In this theory, gravity is still determined by the geometry of space-time. However, in addition to matter, there is this scalar field (which carries mass-energy and is thus a further source of gravity in addition to matter.) Then, this scalar field also determines the strength of coupling between matter and space-time (i.e., the extent to which a unit mass of matter bends space-time.)
Now it so happens that it is possible to transform away this variable gravitational constant and make it truly constant by a mathematical transformation called a conformal transformation. Basically, it amounts to reparameterizing space-time in such a way that the value of the gravitational constant becomes the same everywhere. (This transformation is described as switching from the Jordan frame to the Einstein frame.) However, this transformation is not without cost. As we transform away the coupling between the geometry of space-time and the scalar field, we end up introducing a variable coupling between the matter Lagrangian LM and the scalar field. The physics is now different! The geometry of space-time is now determined by a fixed coupling constant as in Einstein’s theory, but the trajectory of matter is no longer determined by geometry alone: there is an extra force, a so-called scalar force, acting on matter.

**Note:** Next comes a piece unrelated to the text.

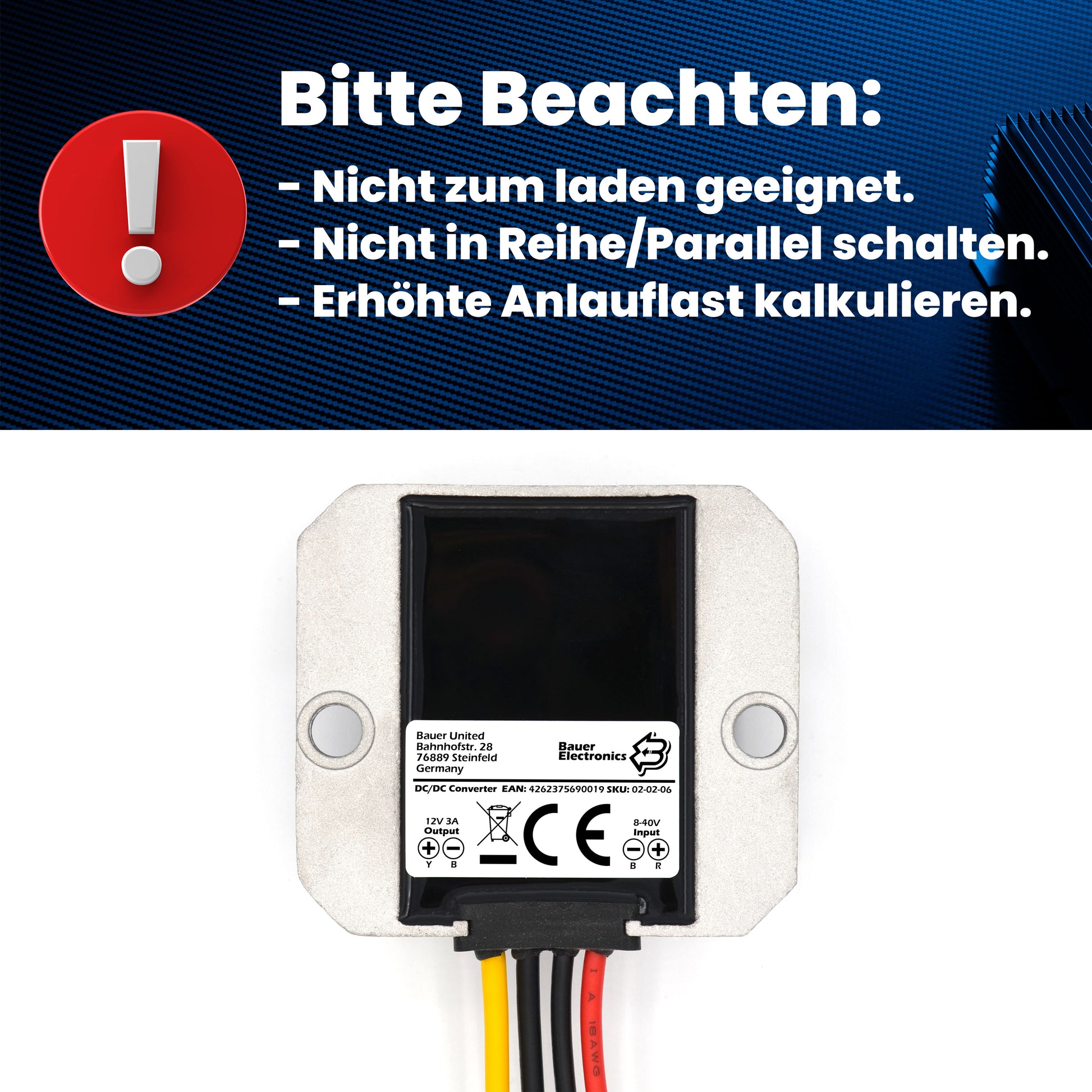 Caution | Never operate electrical appliances permanently at the power limit, as this may cause damage. Ensure that the cables are intact and that the polarity of the connections is correct.

At first sight, this might seem weird. A simple mathematical transformation should not change the physics, or should it? Well… it does yet it doesn’t. If you fire a cannonball in Jordan-Brans-Dicke theory and calculate its trajectory, it will trace the same trajectory regardless which frame, the Jordan or the Einstein frame, you use to calculate it. It’s the interpretation of this trajectory that differs between the two frames. In the Jordan frame, the cannonball is said to follow a geodesic trajectory, but that geodesic, i.e., the curvature of spacetime, is affected by a varying gravitational constant. In the Einstein frame, the cannonball’s trajectory is not a geodesic anymore; the geodesic trajectory is determined by a fixed gravitational constant, but on top of that, an extra force deflects the cannonball.

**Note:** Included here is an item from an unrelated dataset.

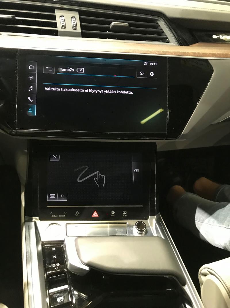 Kuljettajan paikalla saa varmasti lähes kaiken kokoiset kuljettajat haluamansa ajoaennon ja ylellisen tuntuisella istuimella pystyy istumaan pitkäänkin. Mietin että millaisen tunnelman Audin ohjaamo minulle välittää, niin ajatukseni vääjäämättä vertautui Teslaan sekä toisaalta Jagurain I-PACEen. Minulle tuli sellainen ajatus, että tämä on jotain noiden kahden väliltä. Ei yhtä teknohifi, kuin Tesla, mutta ei yhtä konservatiivinenkaan kuin Jaguar.

One particular kind of scalar-tensor theory can be written in a form in which there is no variable gravitational constant and no coupling between the scalar field and matter either. This is the so-called “minimally coupled” scalar-tensor theory, in which the scalar field influences matter only indirectly: the scalar field has mass-energy, which gravitates, and this contributes to the overall gravitational field. Things can get tricky here: a scalar-tensor theory may be written in a form that does not look like a minimally coupled theory at all, yet it may be possible to transform it into one by an appropriate conformal transformation. However, this is not always the case: for instance, Jordan-Brans-Dicke theory cannot be transformed into a minimally coupled scalar-tensor theory this way, the two classes of theories are manifestly different.
When things get really interesting is when additional fields are present in a more complex theory, such as scalar-tensor-vector gravity. In that case, a conformal transformation can have surprising consequences on the coupling between these additional fields and the scalar field.